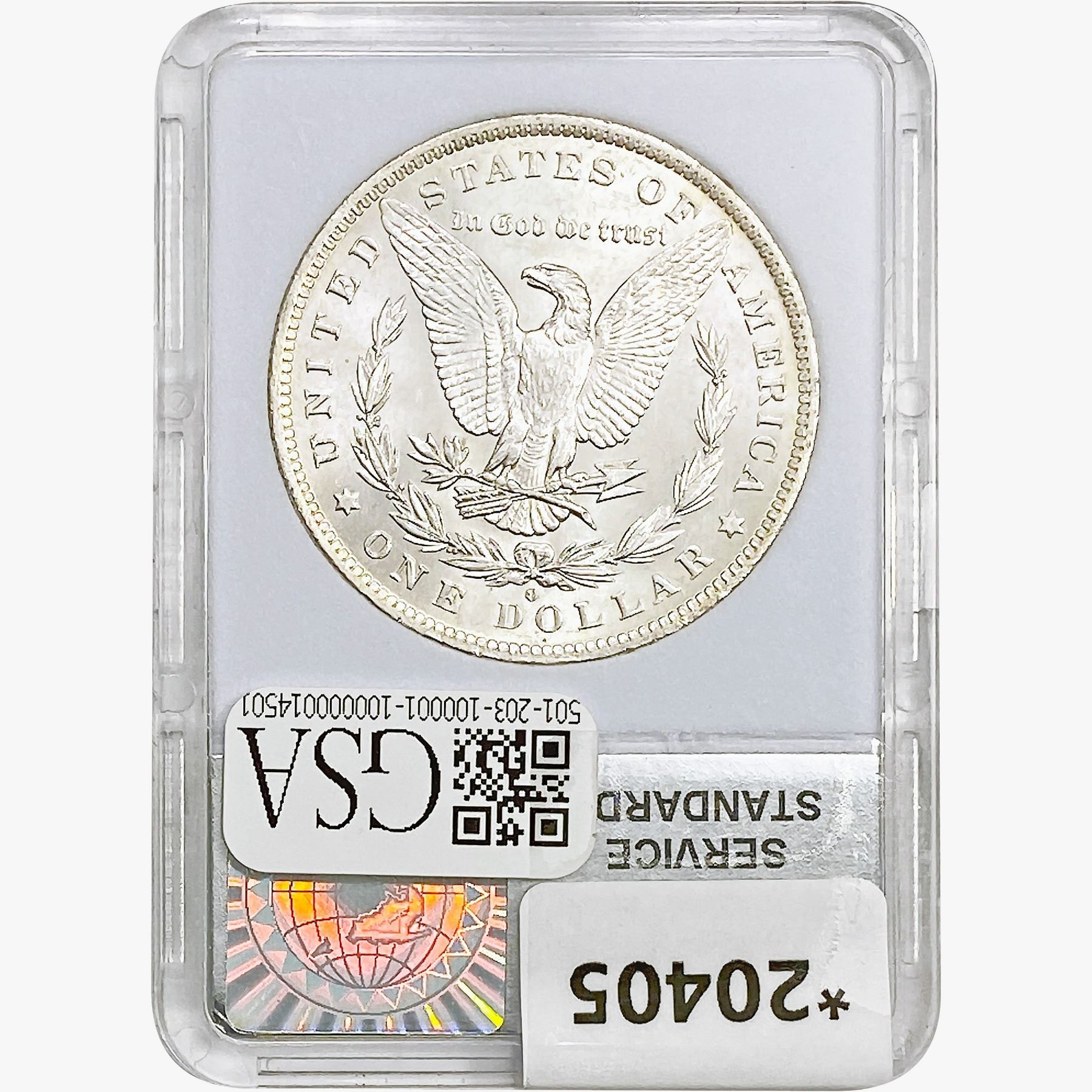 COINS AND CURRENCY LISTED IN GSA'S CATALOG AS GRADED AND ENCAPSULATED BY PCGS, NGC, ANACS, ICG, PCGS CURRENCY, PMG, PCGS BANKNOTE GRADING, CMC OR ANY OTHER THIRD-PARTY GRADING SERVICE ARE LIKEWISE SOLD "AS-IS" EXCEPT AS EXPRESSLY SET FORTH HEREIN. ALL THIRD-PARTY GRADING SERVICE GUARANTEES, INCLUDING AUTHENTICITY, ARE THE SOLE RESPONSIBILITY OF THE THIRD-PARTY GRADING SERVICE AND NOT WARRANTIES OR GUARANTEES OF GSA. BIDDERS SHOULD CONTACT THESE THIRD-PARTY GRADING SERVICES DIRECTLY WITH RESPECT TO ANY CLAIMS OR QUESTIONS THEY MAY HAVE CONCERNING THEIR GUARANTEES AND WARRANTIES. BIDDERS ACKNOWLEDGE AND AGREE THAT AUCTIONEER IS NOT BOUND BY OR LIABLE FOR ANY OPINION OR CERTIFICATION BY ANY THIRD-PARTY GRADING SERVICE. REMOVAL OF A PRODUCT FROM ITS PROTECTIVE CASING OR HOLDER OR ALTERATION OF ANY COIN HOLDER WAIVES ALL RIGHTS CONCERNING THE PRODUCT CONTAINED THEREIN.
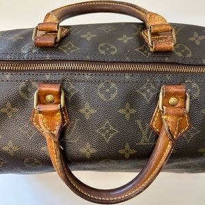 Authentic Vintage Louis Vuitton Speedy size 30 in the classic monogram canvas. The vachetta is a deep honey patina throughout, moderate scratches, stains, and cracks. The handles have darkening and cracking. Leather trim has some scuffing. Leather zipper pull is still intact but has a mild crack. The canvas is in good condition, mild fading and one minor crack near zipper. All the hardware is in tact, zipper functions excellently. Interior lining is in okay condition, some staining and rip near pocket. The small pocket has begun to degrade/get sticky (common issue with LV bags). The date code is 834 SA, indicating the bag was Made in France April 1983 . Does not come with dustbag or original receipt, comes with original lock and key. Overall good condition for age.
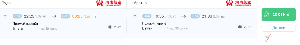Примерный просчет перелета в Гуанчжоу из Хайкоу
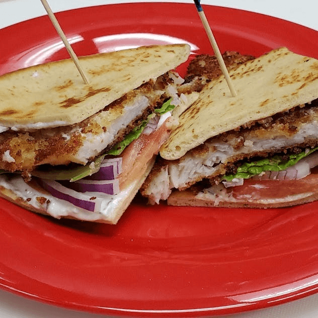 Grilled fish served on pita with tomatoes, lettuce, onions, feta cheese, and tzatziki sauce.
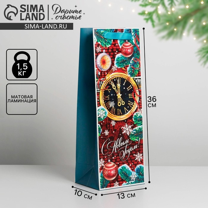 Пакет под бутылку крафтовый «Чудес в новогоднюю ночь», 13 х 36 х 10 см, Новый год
======
PROBLEM TO WORK ON:
Find the line holding "Примерный просчет перелета" in the data above. Retype it and every later line exactly, through the end, but not the pictures.

TASK SOLUTION:
Примерный просчет перелета в Гуанчжоу из Хайкоу
 Grilled fish served on pita with tomatoes, lettuce, onions, feta cheese, and tzatziki sauce.
 Пакет под бутылку крафтовый «Чудес в новогоднюю ночь», 13 х 36 х 10 см, Новый год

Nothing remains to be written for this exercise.